43. Find the equation of the curve that flas a gradient of \( (3 x-1)^{3} \) and passes through point \( \left(-\frac{1}{3}, \frac{4}{3}\right) \).

To find the equation of the curve, we start by integrating the gradient function \( (3x - 1)^3 \). This gives us: \[ y = \int (3x - 1)^{3} \, dx \] Using substitution and integration techniques, we can find the antiderivative, and then we'll determine the constant by using the point \( \left(-\frac{1}{3}, \frac{4}{3}\right) \). Carrying out the integration gives: \[ y = \frac{(3x - 1)^4}{12} + C \] To find \( C \), we'll substitute \( x = -\frac{1}{3} \) into our equation and set \( y = \frac{4}{3} \): \[ \frac{4}{3} = \frac{(3(-\frac{1}{3}) - 1)^4}{12} + C \] Solving this will lead us to the constant \( C \). This process will yield the specific expression for \( y \), giving us the required equation of the curve. Now let’s have some fun with additional knowledge! The history of calculus is rich and fascinating!

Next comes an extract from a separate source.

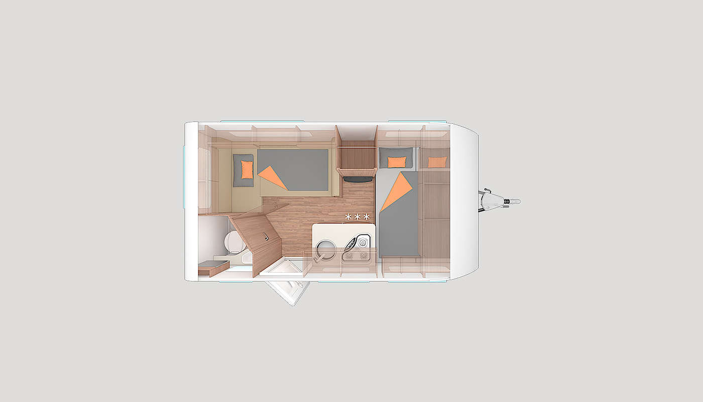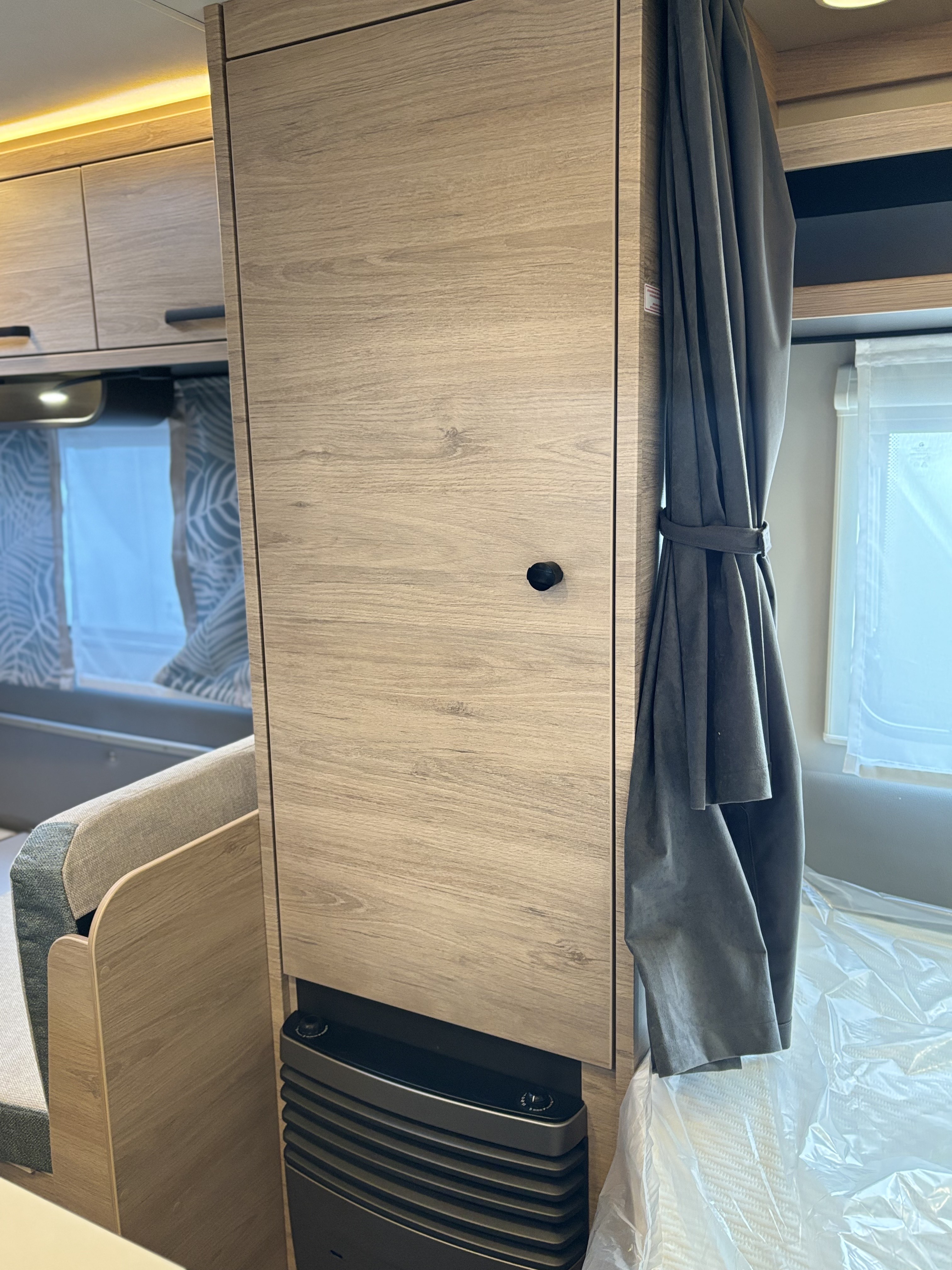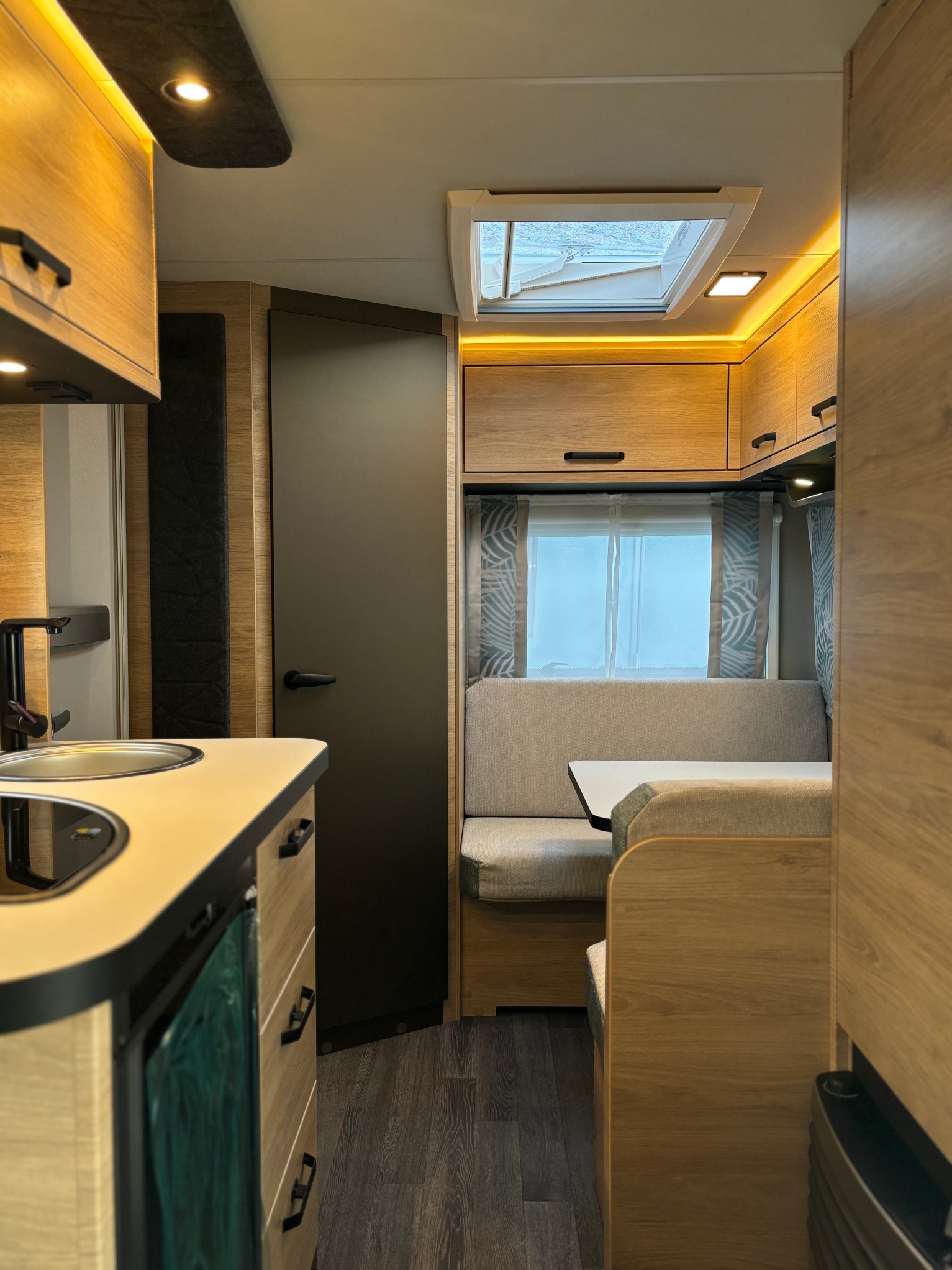 Mosogató, 98 L-es hűtő, 3 égőfejes tűzhely, 12V-os körfűtés, beépített mosdófülke zuhanytálcával és beépített bio-Wc-vel, hideg-meleg vízrendszer, 45 l-es beépített víztartály, 25l-es mobil szennyvíztartály, 28 cm x 28 cm panoráma tetőablak, kombirolók, EvoPore HRC matrac, Truma S 3004 gázfűtés

It was developed independently by Isaac Newton and Gottfried Wilhelm Leibniz in the 17th century. They created the foundations for derivatives and integrals, which are pivotal in understanding the change and accumulation of quantities—essentially giving us the tools to study everything from physics to economics. If you find integration tricky, you're not alone! A common mistake is neglecting substitution when it's necessary or not properly handling the constants of integration. Always remember to check your work: differentiate your result to ensure it matches the original gradient, and don’t skip the step of plugging in points to find constants! This will help reinforce your understanding and prevent errors.